Google rolls out Phone Hub, other new features for Chrome OS

Ten years after launching the Chromebook, Google is updating Chrome OS to help people stay productive while using multiple devices
Written by Stephanie Condon, Senior Writer

Google on Tuesday announced a set of new features for the Chrome operating system, largely focused on helping people stay productive while using multiple devices. Those new features include the Phone Hub -- an interface that allows you to control the key features of your Android device from your Chromebook. 

The new features come on the 10th anniversary of the Chromebook, which gained popularity initially in the education sector. When Chromebooks were launched with Acer and Samsung in 2011, they were largely secondary devices for people, noted John Maletis, head of product and UX for Chrome OS. 

They've since undergone a "huge shift" to become the primary device for users, Maletis told reporters on Tuesday. In addition to serving the education sector, Google now targets general consumers and people using Chromebooks for work. One in 10 desktop devices sold globally run on Chrome OS, Maletis said, as do one in five sold in the US. This past year, it became the second-most popular desktop operating system.

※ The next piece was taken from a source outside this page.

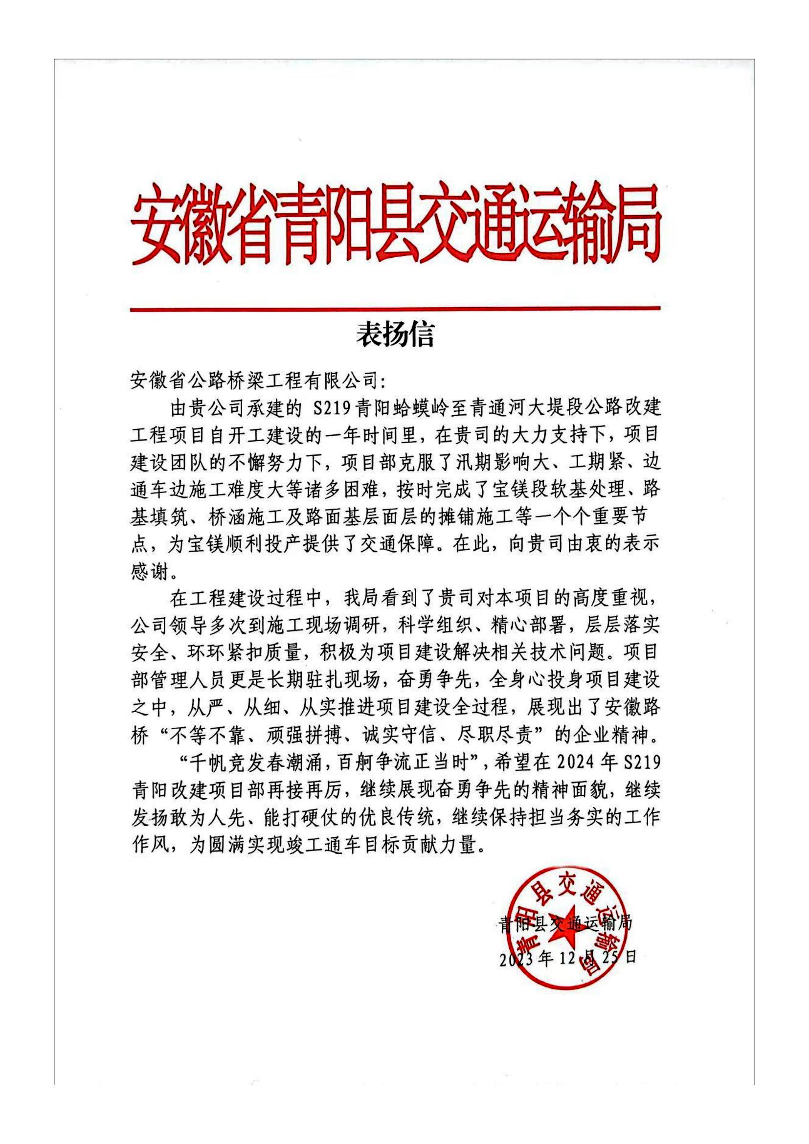 安徽省青陽縣交通運輸局和青陽縣旅游發(fā)展有限公司來信指出,S219青陽蛤蟆嶺至青通河大堤段公路改建工程項目建設過程中,項目施工管理團隊克服了汛期影響大、工期緊、邊通車邊施工難度大等諸多困難,高質量、高標準按期完成了各節(jié)點任務,為青陽交通運輸事業(yè)高質量發(fā)展做出了巨大貢獻。

"It's amazing to see how modern computing has evolved," he said. One key part of that evolution, he said, is the use of multiple devices. "Unlike the past, our expectation is we should have access to our data and a consistent experience across these surfaces."

Some of the latest features for Chrome OS are focused on facilitating that experience. The Phone Hub serves as a sort of "control center" for Android devices. At the top of the application, users can see information related to the status of their phone, such as battery life and cellular connections. Below that, the user can find quick actions to take, such as instant tethering, a "find your device" function and "do not disturb." Phone Hub lets you turn on notifications, so you can receive messages sent to your phone, as well as respond to them from your Chromebook. 

In the coming months, Google will be rolling out Nearby Share, to let users instantly and securely share files between your Chromebook and other Chrome OS or Android devices. It works offline, and there's no need to share contact details. 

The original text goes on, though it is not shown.